Причина, по которой Игорь пропадал ночами на работе, для жены звучала так: он допоздна помогал нам готовить банкеты. По факту они с другом-художником сидели на зале, употребляли алкогольные напитки и душевно общались. Как-то раз в результате этого общения было нанесено оскорбление барону Хеннесси. В бутылку с коньяком, носящим его имя, вместо части выпитого содержимого, тайком долили какую-то гадость. Обнаружил это клиент.

Этими ночами, руководствуясь мудрыми наставлениями шефа типа «да у вас на руках мухи ебутся», «я бы всё это сделал за 5 минут, прыгая на одной ноге и придрачивая», «в рот тебе кило печенья», мы с товарищем готовили банкеты на небольшой кухне. 

В наши дела была посвящена администратор. С ней мы зарабатывали на карман, если разгорячённые гости требовали продолжения банкета. Обычно после его окончания мы освобождали стол в центре и устраивали свой. Выпивали и общались, пока официанток не забирали на тачках их ухажёры.
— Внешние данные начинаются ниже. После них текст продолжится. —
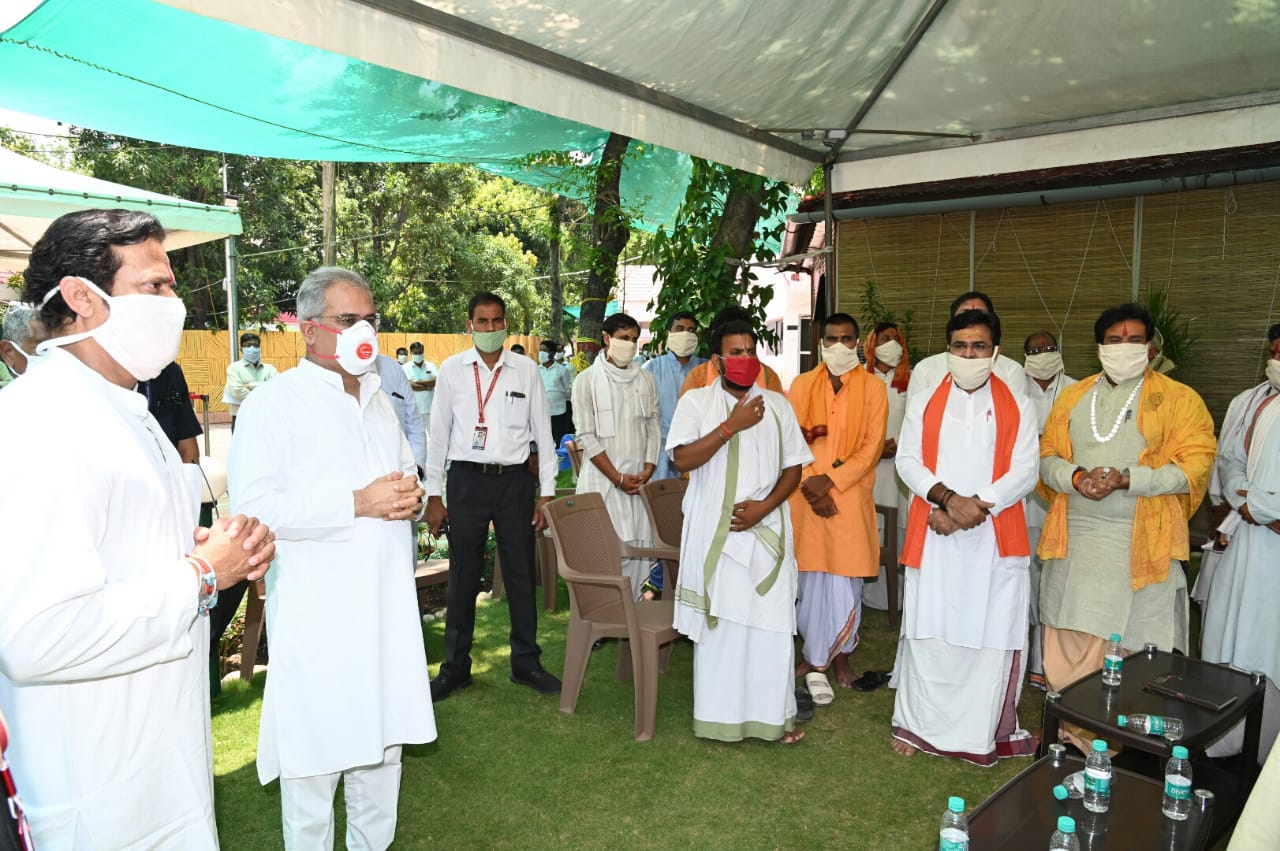 31 PANDITS expressed gratitude to Chief Minister Bhupesh Baghel for his initiative to initiate worship in the religious places with physical distancing and chanting

Бабло я немедленно менял в обменнике на «Юле», и в эту же ночь прожигал.

Как в любом приличном заведении, у нас был бармен-гей. И вечно играло два CD-диска: Alizee и второй, неуточнённый сборник спокойной музыки для усвоения пищи — через месяц я люто ненавидел оба. Смена была семь дней и скорее напоминала вахту. Граница проходила по субботе. И эта ночь была единственной в которую можно было тусануть с моим другом Андреем — он работал за повара в другие дни.
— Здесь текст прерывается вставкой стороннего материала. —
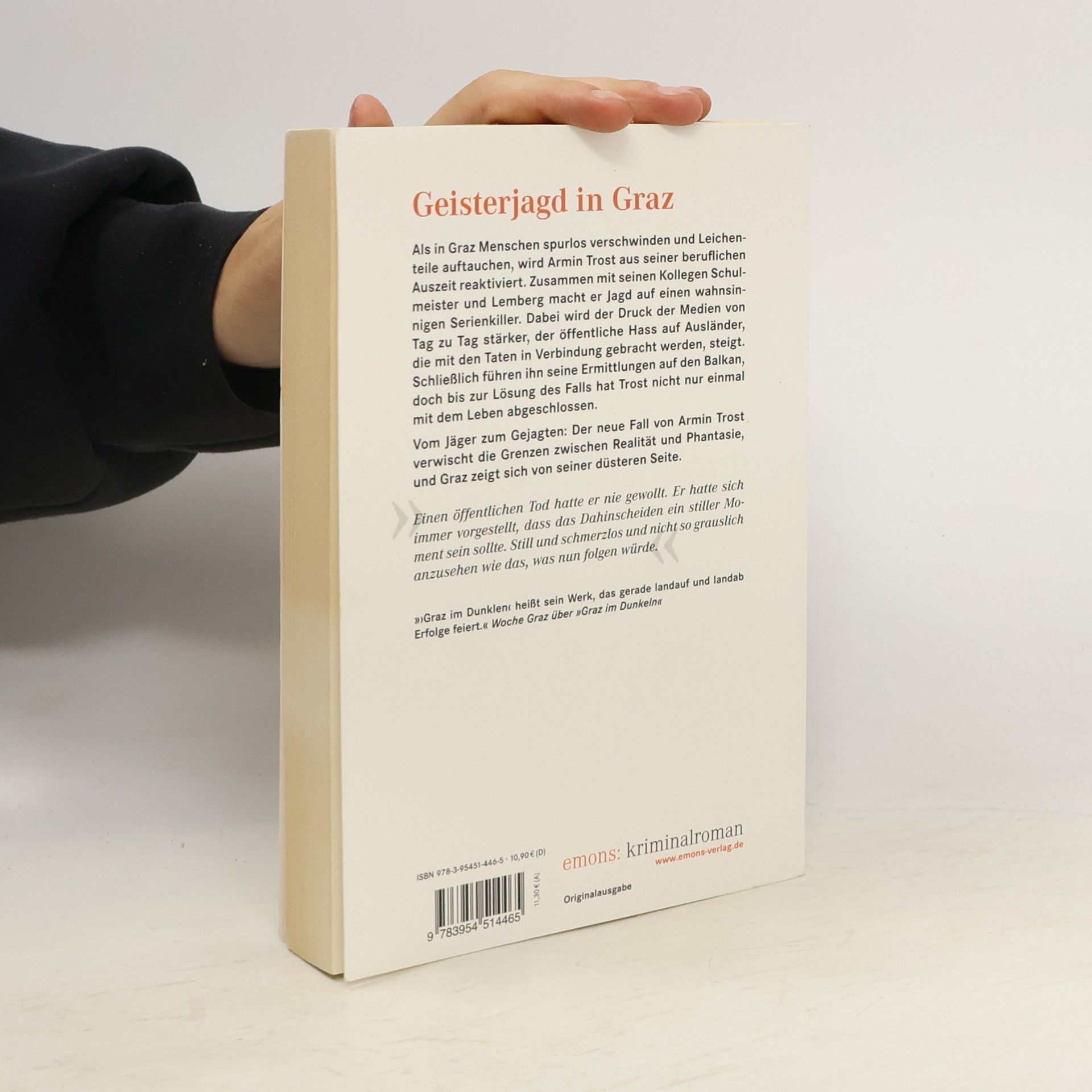 In Graz verschwinden nicht nur Menschen spurlos, es machen auch Geschichten von Geistern und Sagenfiguren die Runde. Armin Trost wird aus der Auszeit reaktiviert und soll die Ermittlungen leiten. Doch nicht nur die Jagd auf einen wahnsinnigen Serienkiller macht ihm zu schaffen, auch der Druck der Medien und der Hass innerhalb der Bevölkerung steigen. Weckt Trosts Geisterjagd etwa auch die alten Geister der Fremdenfeindlichkeit?

Коньком заведения были комплексные обеды для научных работников здания, в котором мы располагались. А также свадьбы, юбилеи и один раз — поминки. Настоящие клиенты были редкостью и, несмотря на напыщенное меню, заказывали они обычно карпаччо или мясо по-французски с картошкой фри. Фри готовилась в «нефтеварке» — устройстве, в котором почти никогда не менялось масло.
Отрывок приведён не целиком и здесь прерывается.